RECORDS FOR THIS EXERCISE
----
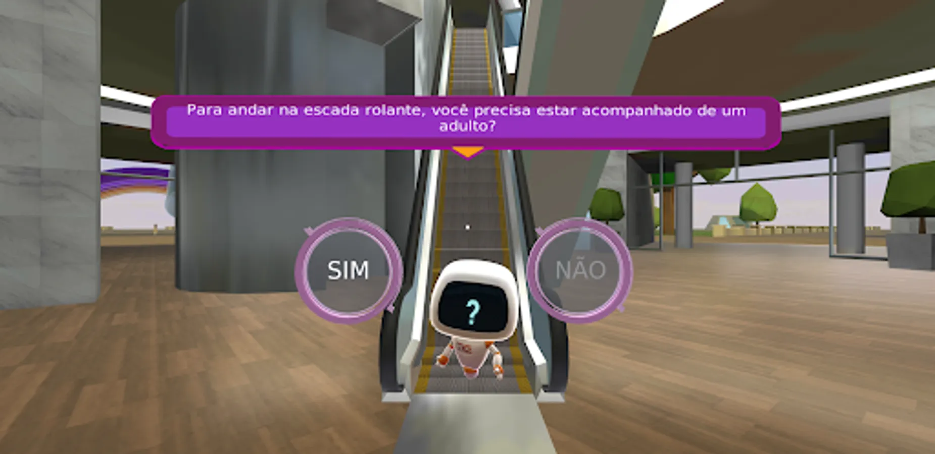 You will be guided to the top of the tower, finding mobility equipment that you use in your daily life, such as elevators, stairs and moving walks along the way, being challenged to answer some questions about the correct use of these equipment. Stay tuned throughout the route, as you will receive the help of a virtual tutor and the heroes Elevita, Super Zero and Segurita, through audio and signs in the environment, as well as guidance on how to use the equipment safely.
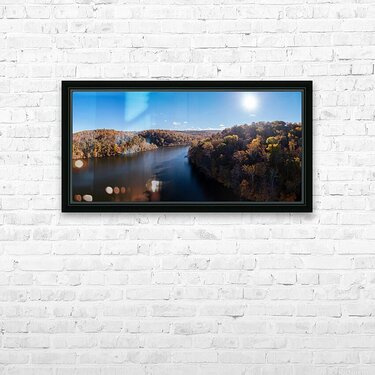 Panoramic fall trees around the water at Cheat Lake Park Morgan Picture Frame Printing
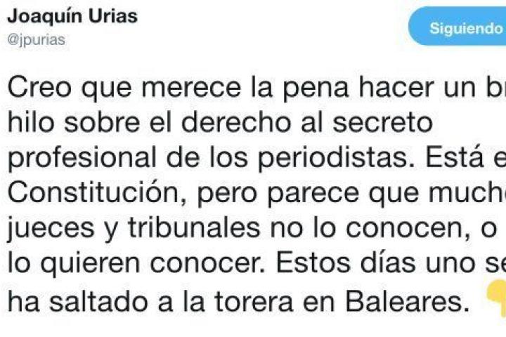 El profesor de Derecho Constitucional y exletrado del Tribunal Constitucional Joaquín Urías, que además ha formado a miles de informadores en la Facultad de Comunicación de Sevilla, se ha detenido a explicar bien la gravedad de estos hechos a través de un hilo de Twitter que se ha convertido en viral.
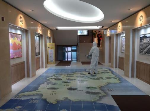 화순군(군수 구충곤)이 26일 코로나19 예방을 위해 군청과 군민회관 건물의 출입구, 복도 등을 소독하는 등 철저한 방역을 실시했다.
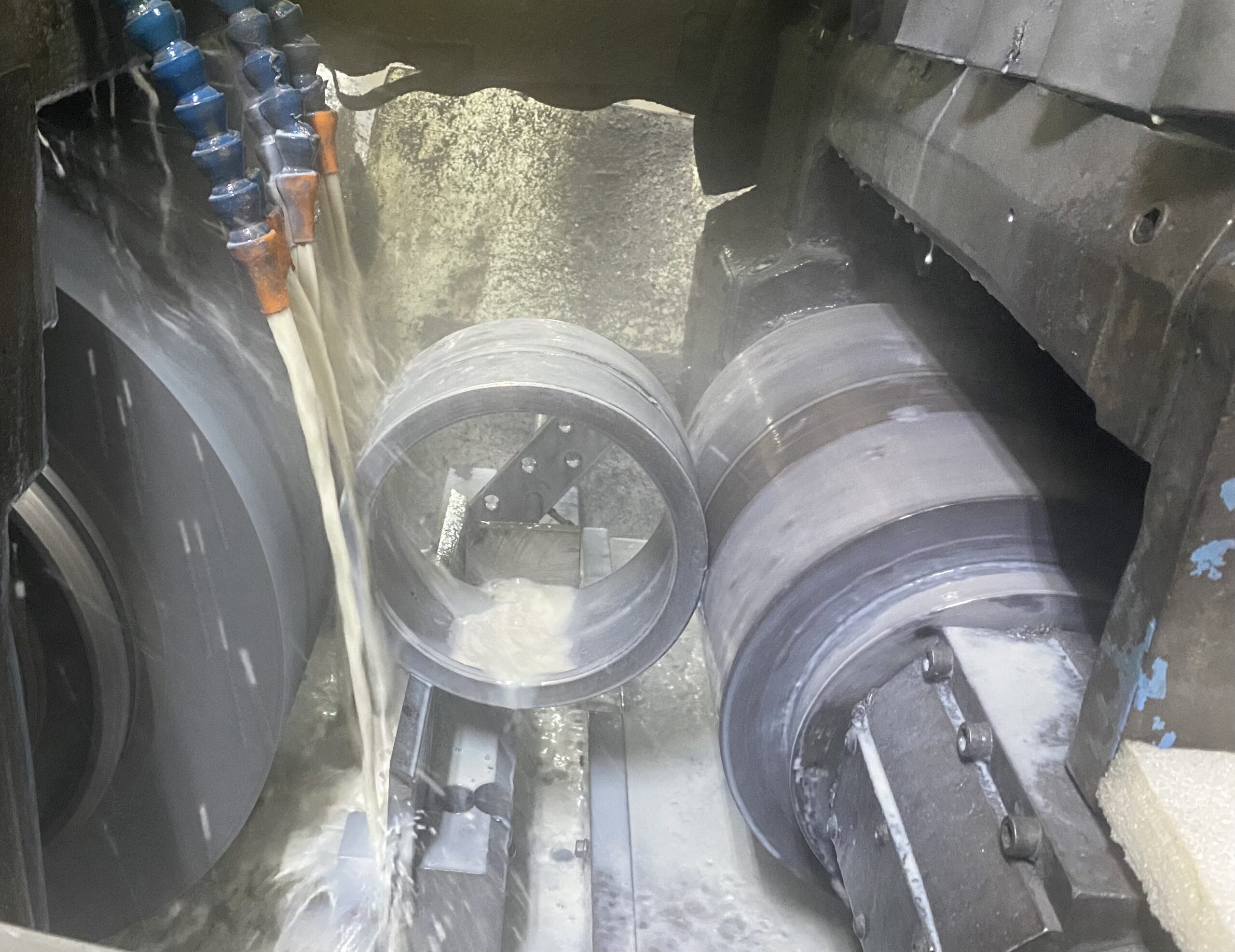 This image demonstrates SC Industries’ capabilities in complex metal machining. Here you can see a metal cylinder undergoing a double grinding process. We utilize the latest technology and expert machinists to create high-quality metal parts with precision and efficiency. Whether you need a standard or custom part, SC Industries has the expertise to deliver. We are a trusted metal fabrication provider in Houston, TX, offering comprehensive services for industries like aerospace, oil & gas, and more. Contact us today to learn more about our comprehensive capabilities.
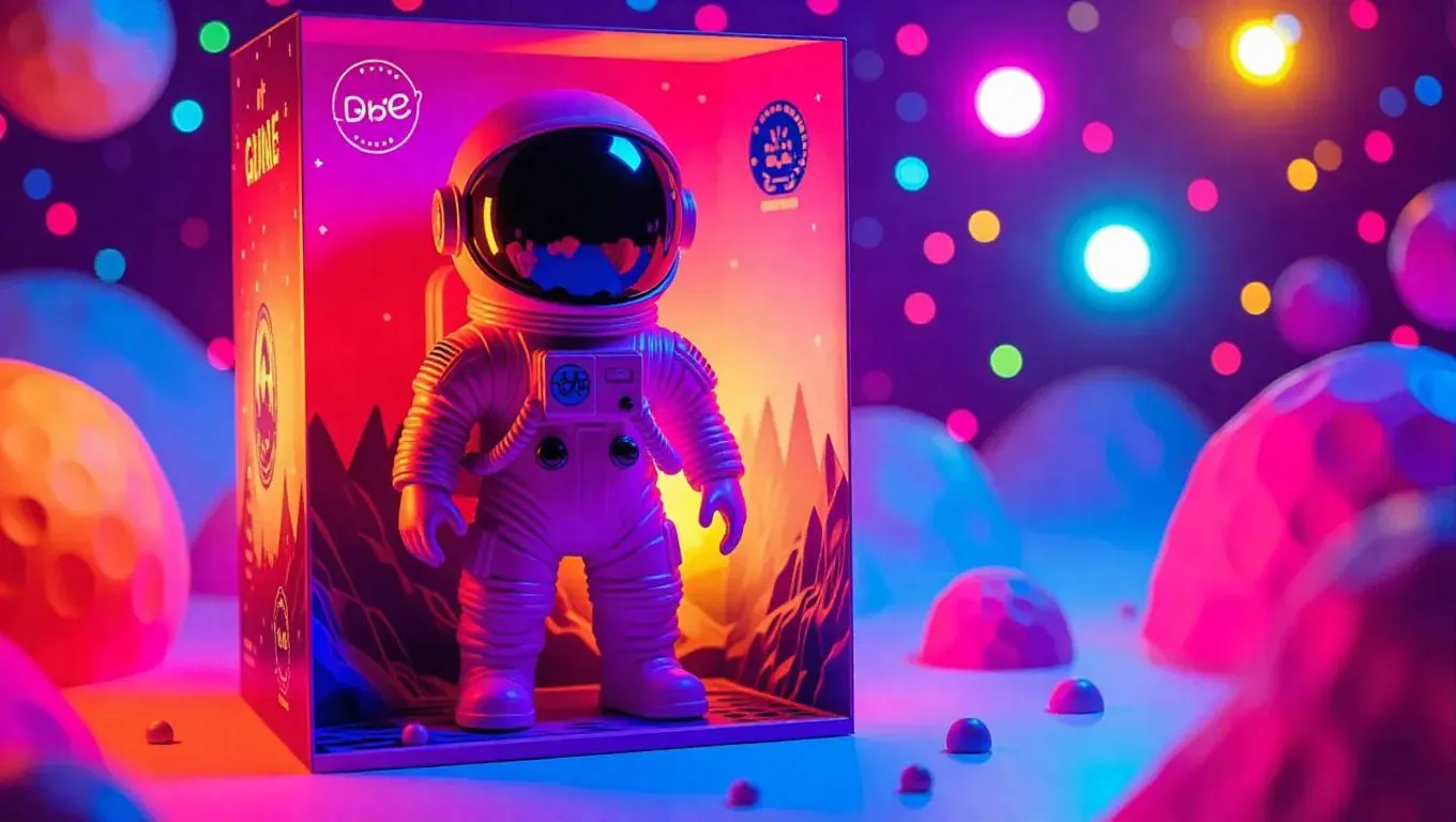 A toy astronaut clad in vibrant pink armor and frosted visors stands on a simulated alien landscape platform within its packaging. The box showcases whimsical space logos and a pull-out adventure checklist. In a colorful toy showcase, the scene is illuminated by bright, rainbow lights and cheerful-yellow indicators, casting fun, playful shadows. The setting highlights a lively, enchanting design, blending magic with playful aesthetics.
----
EXERCISE DETAILS
Give back an exact copy of only the lines from the one with "This image demonstrates" through the final line of the material, both included. Pictures do not belong in it.

RESPONSE AREA
 This image demonstrates SC Industries’ capabilities in complex metal machining. Here you can see a metal cylinder undergoing a double grinding process. We utilize the latest technology and expert machinists to create high-quality metal parts with precision and efficiency. Whether you need a standard or custom part, SC Industries has the expertise to deliver. We are a trusted metal fabrication provider in Houston, TX, offering comprehensive services for industries like aerospace, oil & gas, and more. Contact us today to learn more about our comprehensive capabilities.
 A toy astronaut clad in vibrant pink armor and frosted visors stands on a simulated alien landscape platform within its packaging. The box showcases whimsical space logos and a pull-out adventure checklist. In a colorful toy showcase, the scene is illuminated by bright, rainbow lights and cheerful-yellow indicators, casting fun, playful shadows. The setting highlights a lively, enchanting design, blending magic with playful aesthetics.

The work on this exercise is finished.